Большинство авторов соглашается с приблизительной периодизацией, состоящей из пяти циклов: исходная промышленная революция в 1770-х гг.; век пара и железных дорог в 1830-х гг.; век стали, электричества и тяжелого машиностроения в конце XIX столетия; эпоха нефти, автомобилей и массового производства в начале XX столетия; наконец, эпоха информации и телекоммуникаций после 1970-х гг. Согласно этой точке зрения, мы сейчас находимся в поворотной точке «пятого кондратьевского цикла», в которой вклад компьютеров и сетей начинает сходить на нет, так что можно ожидать начала другой волны, возможно подпитываемой чистыми технологиями с низкими выбросами углекислоты и геномикой.
На формирование этих волн сильное влияние оказывает то, что Ричард Липси называл «универсальными технологиями», которые действительно трансформируют все вокруг себя. Они приобретают фундаментальную значимость для многих областей жизни, как компьютеры или автомобили. Иногда это становится ясно сразу, как в случае железных дорог, которые в 1830-1870-х гг. вызвали резкий подъем производительности труда — рост составил 0,14% в год. Чаще их потенциал сразу не виден.
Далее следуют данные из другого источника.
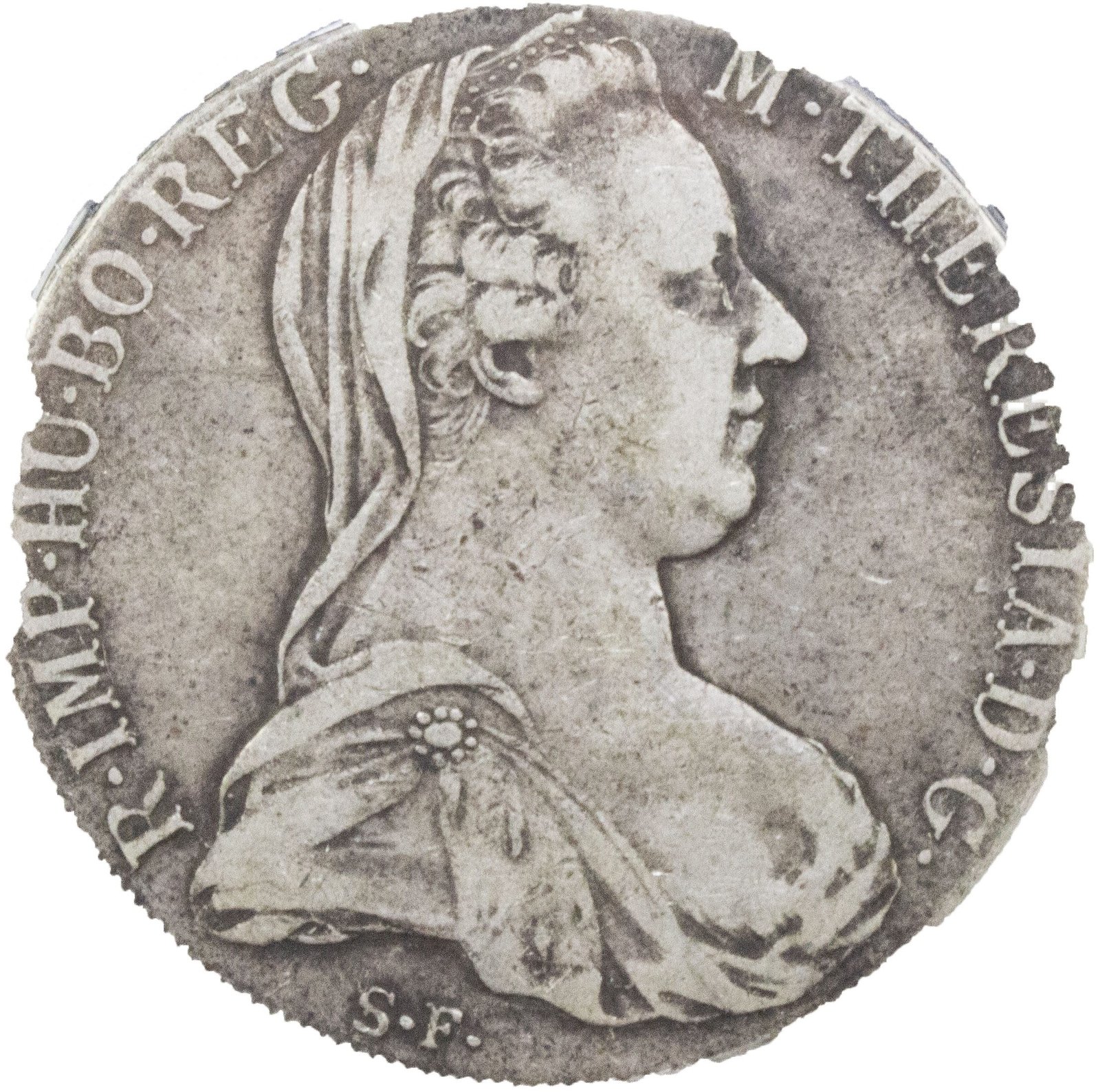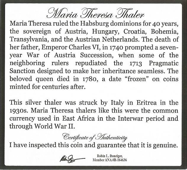 Maria Theresa ruled the Habsburg dominions for 40 years, the sovereign of Austria, Hungary, Croatia, Bohemia, Transylvania, and the Austrian Netherlands. The death of her father, Emperor Charles VI, in 1740 prompted a seven-year War of Austria Succession, when some of the neighboring rulers repudiated the 1713 Pragmatic Sanction designed to make her inheritance seamless. The beloved queen died in 1780, a date ”frozen“ on coins minted for centuries after.–This silver thaler was struck by Italy in Eritrea in the 1930s. Maria Theresa thalers like this were the common currency used in East Africa in the Interwar period and through World War II.

Письменность была изобретена, чтобы вести торговые записи; паровые двигатели начинали свою жизнь, выкачивая воду из английских шахт; компьютеры были придуманы, чтобы помочь противовоздушным установкам точнее попадать в цель.
Лишь постепенно становился понятен более широкий потенциал этих технологий. Другие технологии казались не менее перспективными, например лазеры, использовавшиеся для считывания штрих-кода, для компакт-дисков, хирургии или резки алмазов, но, в конечном счете, так и не внесшие вклад в масштабные культурные или институциональные изменения.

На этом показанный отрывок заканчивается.